その言葉で現実に戻ってきたリリアーナは慌てて返事をした。
「よろしい。それと、私と貴女だけの時はもっと普通に話してくださってかまいませんからね。なにしろ、幼馴染なんですから」
「は、はい。分かりました」
エルシアからこんな話を持ち掛けられるなんて思っていなくて驚きながらも肯定する。
「……では、リリア。これからあの女を貶め辱めるために貴女にはいろいろとやってもらいますから、その事についてゆっくりお話ししましょう」
「は、はい」
ようやく本題に入った令嬢の言葉に彼女は返事をしてこれからの事についての話を聞かされ、それが終わるとようやく部屋を出て行ってよいと言われた。
「……はぁ。なんか、展開が私がプレイしたゲームと少し違うんだけど。なんで?」
自室へと戻って来るとようやく一息つけるといった感じで溜息を吐き出しベッドへと腰を下ろす。

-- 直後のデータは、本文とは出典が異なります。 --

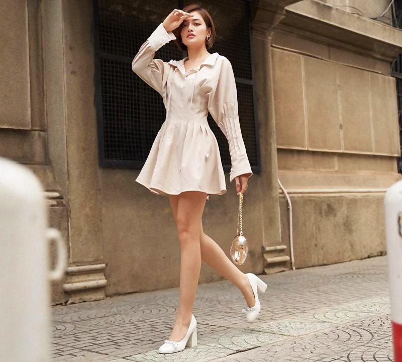 Thùy Anh hóa nàng thơ ngày thu với chiếc đầm thắt eo màu nude, mang giày gót vuông và túi cầm tay nhỏ xinh.

「もしかして私が前世の記憶を思い出したから、それで少しシナリオが変わってしまったとか? だとしたら気をつけないとヒロインが攻略対象者達に出会えないまま終わってしまうかも!? だめ、それだけは絶対に避けないと!!」
これからは言動に気をつけようと心に誓いこれから始まるゲーム通りの日常へと身を投じていくのであった。